Disclosure of assets
[91]
Mrs Clark asserted on a number of occasions that Mr Clark had not disclosed his
assets fully. There is nothing in the evidence to suggest that he has not disclosed his assets.
So far as heritable property is concerned, Mr Clark confirmed in his affidavit that he owned
none other than the properties in the table and the flat at 105 Hyndland Road. His affidavit
refers to numbers 6/59 to 6/92 of process which show the results of searches of the Land
Register for any titles associated with his name in each county. They disclose no properties
other than those already mentioned. In cross-examination Mrs Clark accepted that Mr Clark
owned no heritable property other than that already mentioned. I have already set out my
findings as to the incorrect and misleading entries in the Brewin Dolphin letter. I am
satisfied that Mr Clark has disclosed his shareholding in ACAL and the nature of his interest
in the trusts which are related to ACAL.
34
Summary of submissions ­ sharing of matrimonial property
Pursuer
[92]
Mr Clark asked me to depart from equal sharing, by reference to section 10(6),
in relation to the funds deriving from the sale of 87 Hyndland Road, and in relation to
pre-marriage pension contributions. Senior counsel suggested that I should take account of
those matters by deducting £264,688.48 from the net matrimonial property for distribution,
while recognising that the question was one for the discretion of the court. The occurrence
of an event specified in section 10(6)(a) to (e) would not necessarily amount to special
circumstances. The mere existence of special circumstances would not necessarily justify a
departure from equal sharing: Jacques v Jacques 1997 SC (HL) 20.
[93]
Mrs Clark had retained an ISA in her own name, and some bank balances. She had
also received advances of capital that would have to be taken into account in determining
what capital payment ought to be made.
[94]
Mr Clark did not dispute that his career, income and earning capacity had increased
during the marriage. He had used his remuneration to fund the acquisition of the
matrimonial property and to fund the lifestyle of the parties and their children. The parties
would have accumulated more if Mrs Clark had also been earning. There had been nothing
to stop her working during the marriage, and childcare had been in place. Her own
evidence was that she had done some paid work during the marriage. Her career before
marriage had never delivered a significant income.
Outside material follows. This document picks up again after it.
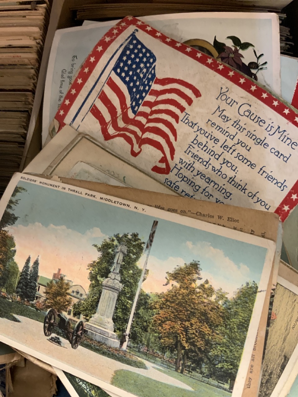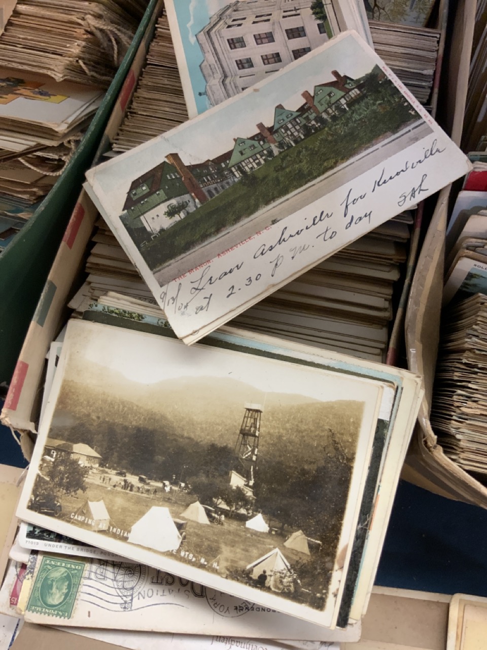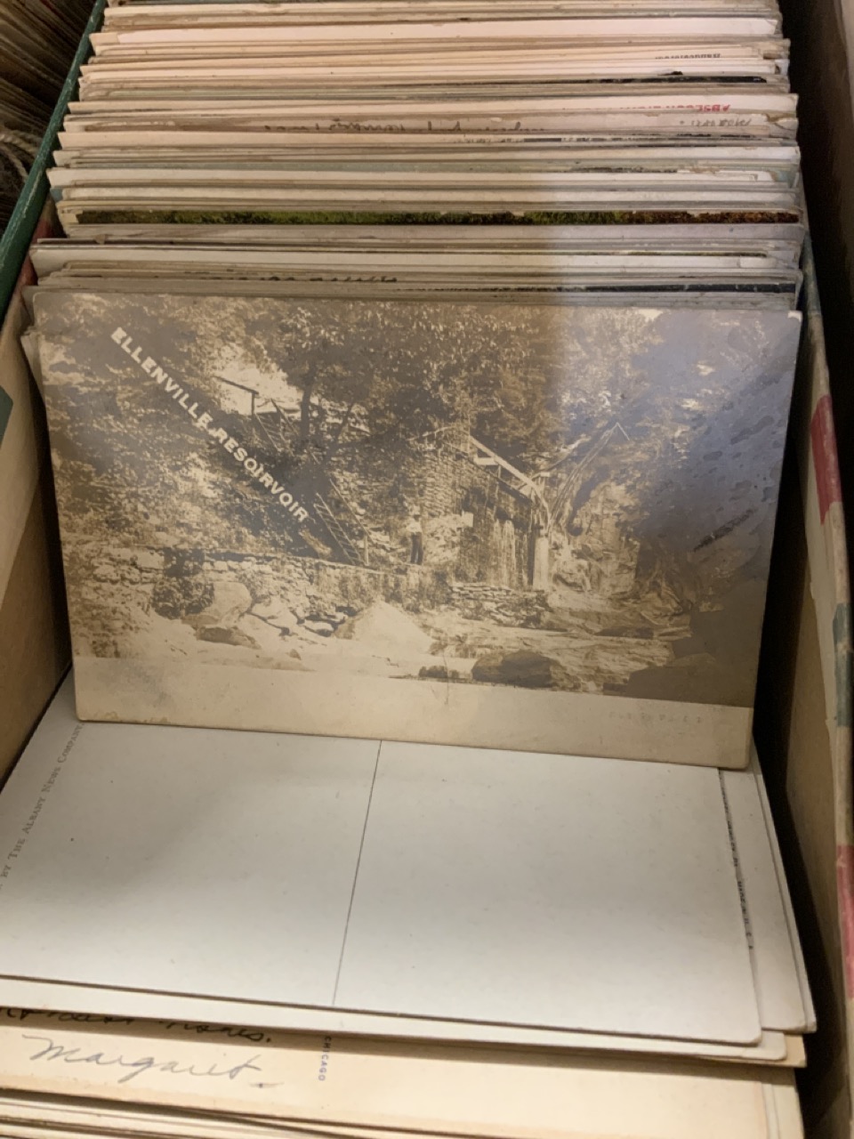 Three shoe boxes full of unsorted postcards. Internationa, Local Hudson Valley, States, Holidays and stack of CDV cards including Ulysses S. Grant , Johnson, Italian General and much more! Please sse photograph preview.

If she had suffered an economic
disadvantage through giving up work that was balanced by her sharing in the wealth
accumulated through Mr Clark's income from employment and dividends that he received
from shares which were not themselves matrimonial property. The work that Mrs Clark
35
might have done to add value to family homes was reflected in their values on sale,
culminating in the purchase of Ledcameroch Road, in the value of which she would share.
[95]
There was no evidence as to the extent to which Mr Clark's shares might have
increased during the marriage. Even if there had been such evidence, it was not the case
that any increase could properly be attributed to the efforts of Mr Clark, supported by
Mrs Clark. The unchallenged evidence of Mr Hawthorn, Mr McLean and Mr Willies was
that ACAL was a sizeable concern and no one individual was responsible for its growth
during the marriage. Mr Clark's late father and those witnesses were responsible for the
business decisions that caused the concern to grow. The situation was quite different from
one where a company was owned and operated by an individual who was a party to the
marriage.
[96]
There was no need for Mrs Clark to engage childcare for any of the children to enable
her to work. Two of them were at boarding school Monday to Friday. Mr Clark paid all
school fees and associated costs, and would continue to do so. He wished to share school
holidays equally. He wished to spend more time with the youngest child during the
working week. The burden of care would not fall unequally on Mrs Clark. Mr Clark would
continue to pay Mrs Clark £1,000 each month for each child until the child turned 18.
[97]
In relation to periodical allowance, Mr Clark's primary position was that none was
required. Even if all of his arguments for unequal division succeeded, she would receive a
sum in excess of £1 million. After the purchase of a home for a sum in the region of £700,000
she would still have significant capital to use while establishing herself in business. He
proposed to continue to pay £5,500 plus £3,000 child maintenance until payment of a capital
sum. Alternatively, if the court were minded to make an award of periodical allowance it
should be for a restricted period only. Mrs Clark had been receiving £8,500 per month since
36
early 2022 and had done nothing to put herself in a position to start work. The purpose of
an award of periodical allowance was to allow for a period of adjustment, rather than to
ensure that Mrs Clark could maintain the standard of living that she enjoyed while married:
G v G 2016 Fam LR 30, paragraph 137.
[98]
Mr Clark raised no issue as to his resources. Senior counsel submitted that he had
been accumulating capital in anticipation of the need to meet Mrs Clark's claim for financial
provision. He did not immediately have the funds to make a payment of the order that
would be required. He would need time to organise additional funds through borrowing.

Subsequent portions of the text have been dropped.